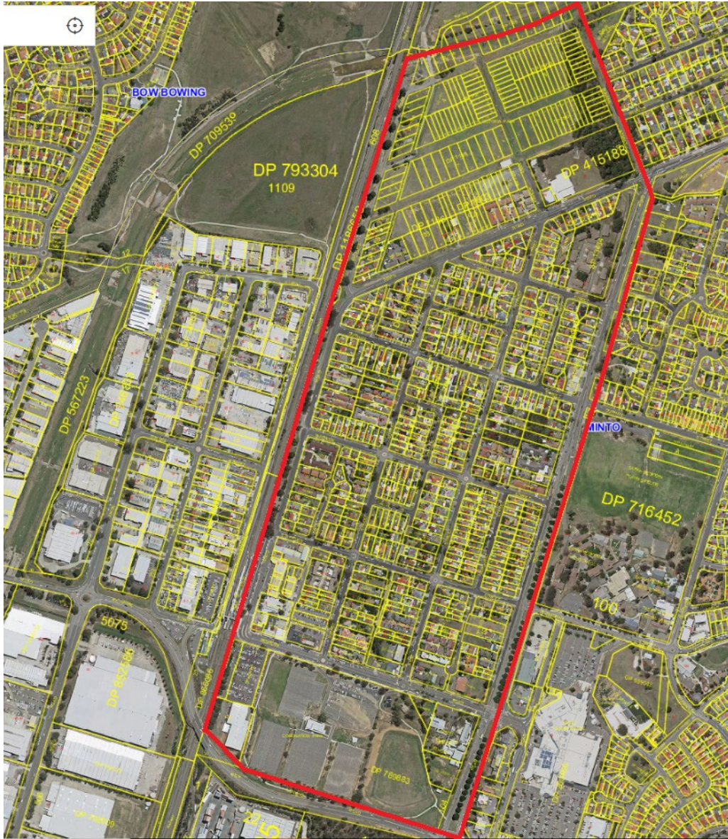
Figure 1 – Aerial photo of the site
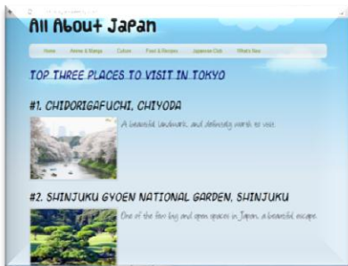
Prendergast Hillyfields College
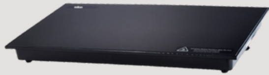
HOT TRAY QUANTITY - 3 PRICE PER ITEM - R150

--------

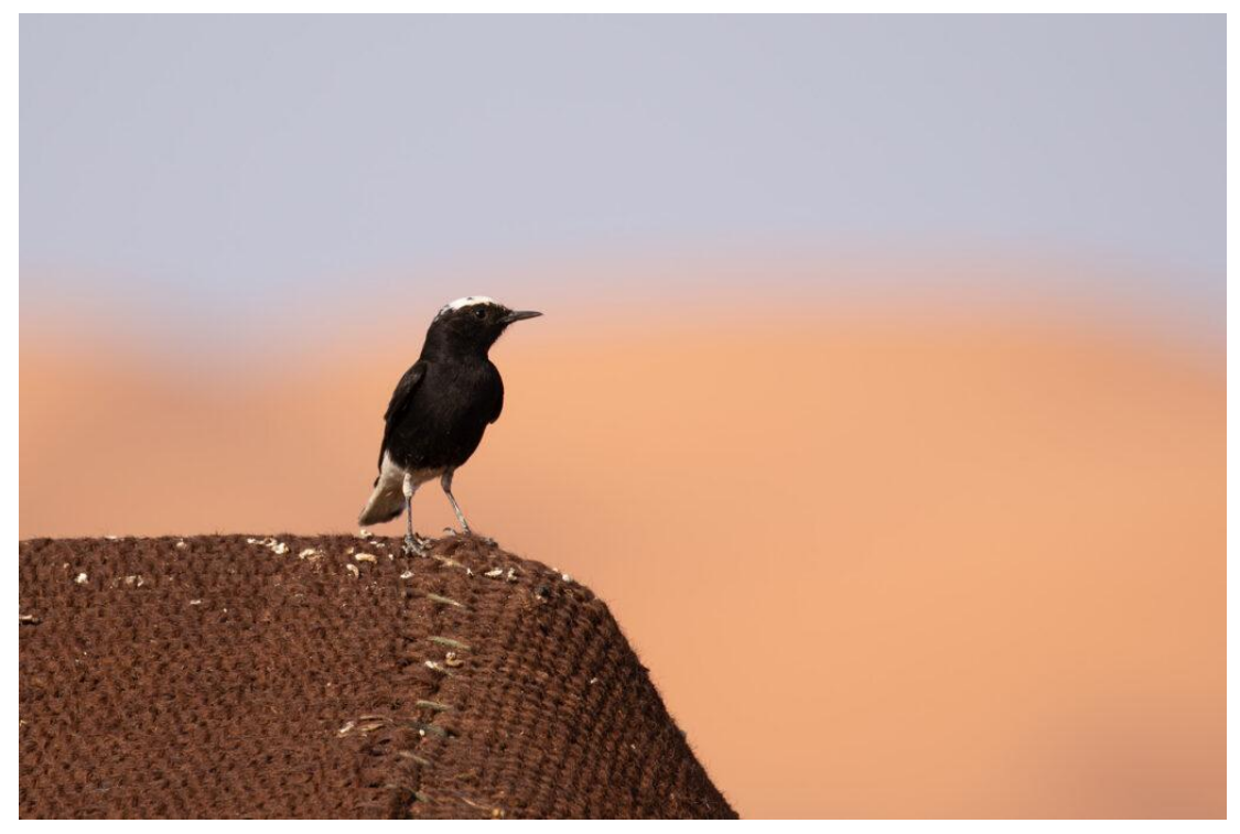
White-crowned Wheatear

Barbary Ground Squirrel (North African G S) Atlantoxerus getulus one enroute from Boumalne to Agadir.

--------

> [To do]: Each line in the entries above, starting at the line with "White-crowned Wheatear" and ending at the line with "Barbary Ground Squirrel", is to be printed exactly, and only those lines.

> [Result]:
White-crowned Wheatear

Barbary Ground Squirrel (North African G S) Atlantoxerus getulus one enroute from Boumalne to Agadir.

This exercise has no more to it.